Explain why adjacent threads should access adjacent memory locations.
Implement a parallel reduction for finding the maximum element.
Intermediate
Implement tiled matrix multiplication and compare memory accesses with naive version.
Analyze a piece of code for warp divergence and optimize it.
Calculate the occupancy for a kernel using 128 threads, 40 registers/thread, and 8KB shared memory.
Advanced
Implement parallel radix sort using prefix sums.

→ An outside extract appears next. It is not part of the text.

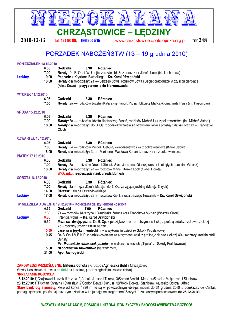 NIEPOKALANA CHRZĄSTOWICE – LĘDZINY 2010-12-12 tel. 421 90 88; 696 200 515 www.chrzastowice.opole.opoka.org.pl nr 248 PORZĄDEK NABOŻEŃSTW (13 – 19 grudnia 2010) PONIEDZIAŁEK 13.12.2010 6.05 Godzinki 6.30 RóŜaniec 7.00 Roraty: Do B. Op. i św. Łucji o zdrowie i bł. BoŜe oraz za + Józefa Loch (int. Loch Łucja) Lędziny 10.00 Pogrzeb: + Krystiana Białeckiego – Ks. Karol Dźwigoński 18.00 Roraty dla młodzieŜy: Za ++ Jerzego Sowa, rodziców Sowa i Segiet oraz dusze w czyśćcu cierpiące (Alicja Sowa) – przygotowanie do bierzmowania WTOREK 14.12.2010 6.05 7.00 ŚRODA 15.12.2010 6.05 7.00 18.00 CZWARTEK 16.12.2010 6.05 7.00 18.00 PIĄTEK 17.12.2010 6.05 7.00 18.00 SOBOTA 18.12.2010 6.05 7.00 14.00 Lędziny 17.00 Godzinki 6.30 RóŜaniec Roraty: Za ++ rodziców Józefa i Katarzynę Pasoń, Piusa i ElŜbietę Mańczyk oraz brata Piusa (int. Pasoń Jan) Godzinki 6.30 RóŜaniec Roraty: Za ++ rodziców Józefa i Katarzynę Pasoń, rodziców Micheń i ++ z pokrewieństwa (int. Micheń Antoni) Roraty dla młodzieŜy: Do B. Op. z podziękowaniem za otrzymane łaski z prośbą o dalsze oraz za + Franciszkę Olech Godzinki 6.30 RóŜaniec Roraty: Za ++ rodziców Michel i Cebula, ++ rodzeństwo i ++ z pokrewieństwa (Karol Cebula) Roraty dla młodzieŜy: Za ++ Mariannę i Wacława Sobański oraz za ++ z pokrewieństwa Godzinki 6.30 RóŜaniec Roraty: Za ++ rodziców Grund i Glensk, Syna Joachima Glensk, siostry i poległych braci (int. Glensk) Roraty dla młodzieŜy: Za ++ rodziców Martę i Karola Loch (Gobel Dorota) W Ozimku: rozpoczęcie nauk przedślubnych Godzinki 6.30 RóŜaniec Roraty: Za + męŜa Józefa Mateja i do B. Op. za Ŝyjącą rodzinę (Mateja Elfryda) Chrzest: Jakuba Lewandowskiego Roraty dla młodzieŜy: Za ++ rodziców Kiehl, + ojca Jerzego Nowański – Ks. Karol Dźwigoński IV NIEDZIELA ADWENTU 19.12.2010 – Kolekta na dalszy remont kościoła 6.35 Godzinki 7.00 RóŜaniec 7.30 Za ++ rodziców Katarzynę i Franciszka Zmuda oraz Franciszkę Michen (Woszek Ginter) Lędziny 8.30 (intencja wolna) – Ks. Karol Dźwigoński 9.30 Msza św. dwujęzyczna: Do B. Op. z podziękowaniem za otrzymane łaski, z prośbą o dalsze zdrowie z okazji 75 – rocznicy urodzin Emila Bartek 10.30 Jasełka w języku niemieckim – w wykonaniu dzieci ze Szkoły Podstawowej 10.45 Do B. Op. i M.B.N.P. z podziękowaniem za otrzymane łaski, z prośbą o dalsze z okazji 40 – rocznicy urodzin córki Donaty Po: PrzekaŜcie sobie znak pokoju – w wykonaniu zespołu „Tęcza” ze Szkoły Podstawowej 15.00 NaboŜeństwo Adwentowe (na wzór rorat) 21.00 Apel Jasnogórski ZAPOWIEDZI PRZEDŚLUBNE: Mateusz Ochota z Grudzic i Agnieszka Buhl z Chrząstowic Gdyby ktoś chciał ofiarować choinki do kościoła, prosimy zgłosić to jeszcze dzisiaj. SPRZĄTANIE KOŚCIOŁA: 18.12.2010: 1)Czajkowski Leszek i Urszula, 2)Cebula Janusz i Teresa, 3)Sordoń Arnold i Marta, 4)Strzelec Małgorzata i Stanisław 23.12.2010: 1)Truchan Krystyna i Stanisław, 2)Sordoń Beata i Dariusz, 3)Wójcik Dorota i Stanisław, 4)Joszko Dorota i Alfred Stare banknoty i monety, które od końca 1996 r. nie są w powszechnym obiegu, moŜna do 31 grudnia 2010 r. przekazać do Caritas, pomagając w ten sposób najuboŜszym dzieciom w kraju objętym programem "Skrzydła" (za naszym pośrednictwem do 26.12.2010). WSZYSTKIM PARAFIANOM, GOŚCIOM I INTERNAUTOM śYCZYMY BŁOGOSŁAWIEŃSTWA BOśEGO! PORZĄDEK NABOŻEŃSTW (20 – 26 grudnia 2010) PONIEDZIAŁEK 20.12.2010 6.05 Godzinki 6.30 Spowiedź święta i RóŜaniec 7.00 Roraty: Za ++ rodziców Pawła i Zofię Malek, dwóch braci i ++ z pokrewieństwa WTOREK 21.12.2010 6.05 7.00 Godzinki 6.30 Spowiedź święta i RóŜaniec Roraty: Za + Marię RoŜek i ++ z pokrewieństwa ŚRODA 22.12.2010 6.05 Godzinki 6.30 Spowiedź święta i RóŜaniec 7.00 Roraty: Za ++ Ŝonę Stefanię, rodziców oraz dusze w czyśćcu cierpiące (int. Pluta Ewald) Lędziny 16.00 – 17.00 Spowiedź święta – Ks. Karol Dźwigoński 17.00 – 18.00 SPOWIEDŹ ŚWIĘTA 18.00 Roraty dla młodzieŜy: Za + Herberta Kanz w I – rocznicę śmierci – przygotowanie do bierzmowania CZWARTEK 23.12.2010 6.05 Godzinki 6.30 Spowiedź święta i RóŜaniec 7.00 Roraty: Za + męŜa Gintra Marek (int. Marek) Lędziny 16.00 – 17.00 Spowiedź święta (dla tych, którzy nie mogli się wcześniej wyspowiadać) – Ks. Karol Dźwigoński 17.00 – 18.00 SPOWIEDŹ ŚWIĘTA (dla tych, którzy nie mogli się wcześniej wyspowiadać) PIĄTEK 24.12.2010 6.05 7.00 Lędziny 22.00 Godzinki 6.30 Spowiedź święta i RóŜaniec Roraty: Do B. Op. z podz. za otrzymane łaski i z prośbą o dalsza opiekę dla całej rodziny, oraz za ++ rodziców Wieszołek i Truchan, syna Rafała, Matyldę Golomb i ++ z pokrewieństwa (int. Wieszołek Ansgar) Pasterka: (intencja wolna) – Ks. Karol Dźwigoński SOBOTA 25.12.2010 – UROCZYSTOŚĆ BOśEGO NARODZENIA 0.00 Pasterka: Za Parafian – Kolekta na Dom Matki i Dziecka w Opolu Lędziny 8.30 (intencja wolna) – Ks. Karol Dźwigoński 9.00 RóŜaniec 9.30 Msza św. dwujęzyczna: Do B.Op. i M.B.N.P. z podziękowaniem za otrzymane łaski z prośbą o dalszą opiekę i zdrowie w rodzinie oraz za + ojca Alojzego Waldera i ++ z pokrewieństwa Kondziela-Waldera 10.45 Do Dzieciątka Jezus z podziękowaniem za otrzymane łaski i z prośbą o dalszą opiekę i zdrowie (Malek Gerard) 15.00 NaboŜeństwo NIEDZIELA 26.12.2010 – ŚWIĘTO ŚWIĘTEJ RODZINY – Kolekta na Wydział Teologiczny w Opolu StraŜacy przed kościołem zbierają na odbudowę gospodarstwa po poŜarze w Dańcu 6.35 Godzinki 7.00 RóŜaniec 7.30 Do Dzieciątka Jezus z podziękowaniem za otrzymane łaski, z prośbą o dalszą opiekę w rodzinie Sylwii i Bernarda Malek Lędziny 8.30 Za + Henryka Sowiecki – Ks. Karol Dźwigoński 9.30 Msza św. dwujęzyczna: Do Anioła StróŜa za roczne dziecko Marię Bartek, jej rodziców, siostrę i chrzestnych 10.45 Do B.Op. i M.B.N.P. z podz. za wszelkie otrzymane łaski, z prośbą o dalsze

Design a GPU algorithm for sparse matrix-vector multiplication.
Optimize a GPU kernel by analyzing and improving its memory access patterns.
Summary
- GPUs have thousands of simple cores for throughput
- Memory coalescing is critical for performance
- Avoid warp divergence by restructuring conditionals
- Parallel reduction and scan are fundamental building blocks
- Tiling improves data reuse through shared memory
- Use GPUs for data-parallel, compute-intensive workloads
Module Complete
This completes the Parallel Computing module! You've learned fundamental concepts for writing efficient parallel programs.